Será que perdera a validade?

Nãooo, eis que a regra surge novamente.

Outliers, de Malcon Gladwell, é um livro muito bacana. Ele pertence ao time dos livros sobre negócios que ainda fazem algum sentido nos dias de hoje: livros pragmáticos que vendem idéias baseadas em pesquisas, experimentos, fatos concretos etc. De uma certa maneira, Outliers é do time do Good to Great do Jim Collins.

A palavra Outliers não tem uma tradução perfeita para o português, uma das traduções mais próximas seria Excepcional, Fora de Série etc.

O livro procura levantar a lebre sobre o que transforma um ser humano como eu e você em um cara fora de série.

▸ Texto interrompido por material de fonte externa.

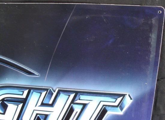Coors Light became a sponsor for the NFL, and they designed this metal beer sign with great big football logo in raised detail. There is a stadium in the background, glowing with lights. This sign came out in 2006. It is 22 1/4" x 26". Holes at the corners allow it to be easily tacked to a wall. It is in very good condition, with a slight scratch.
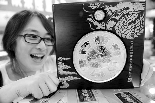 8月26日,一位顾客在北京工美大厦展示“日晷”银章。 当日,一款由8盎司纯银打造的“日晷”银章在北京亮相。这款银章以我国古代的计时仪器“日晷”为设计原型,银章正面记录了开国大典、改革开放、港澳回归、飞天梦圆、北京奥运、新中国60华诞等重大事件。 新华社发

É preciso nascer fora de série?

É preciso ter pais fora de série?

É preciso viver em um país fora de série?

O talento inato existe?

No início da década de 90, o psicólogo K. Anders Ericsoon e dois colegas realizaram o estudo Exhibit A numa instituição de alto nível, a Academia de Música de Berlim. Com a ajuda de professores, formaram três grupos com os violinistas da escola.

No primeiro ficaram as estrelas, os alunos que tinham potencial para se tornar solitas de nível internacional. No segundo, foram reunidos aqueles considerados apenas "bons". No terceiro, estavam os estudantes que dificilmente chegariam a tocar como profissionais, mas que pretendiam se tornar professores de música. Todos eles tiveram que responder à seguinte pergunta: ao longo da sua carreira, quantas horas você praticou?

Todos os violinistas começaram a tocar mais ou menos na mesma época, em torno dos cinco anos de idade. Nessa fase inicial, praticavam por um tempo quase idêntico - duas a três horas por semana. Por volta dos oito anos, diferenças reais começaram a surgir. Os alunos que acabariam se revelando os melhores das suas turmas passaram a se dedicar mais do que todos os outros: seis horas por semana aos 9 anos, oito horas por semana aos 12 anos, 16 horas por semana aos 14 anos e, cada vez mais. Aos 20 anos, estavam praticando - isto é, tocando de forma compenetrada com o objetivo de melhorar - bem mais do que 30 horas semanais. Nessa idade, os melhores músicos, os do primeiro grupo, haviam totalizado 10 mil horas de treinamento em sua vida; os meramente bons, 8 mil horas; e  os futuros professores de música, pouco mais de 4 mil horas.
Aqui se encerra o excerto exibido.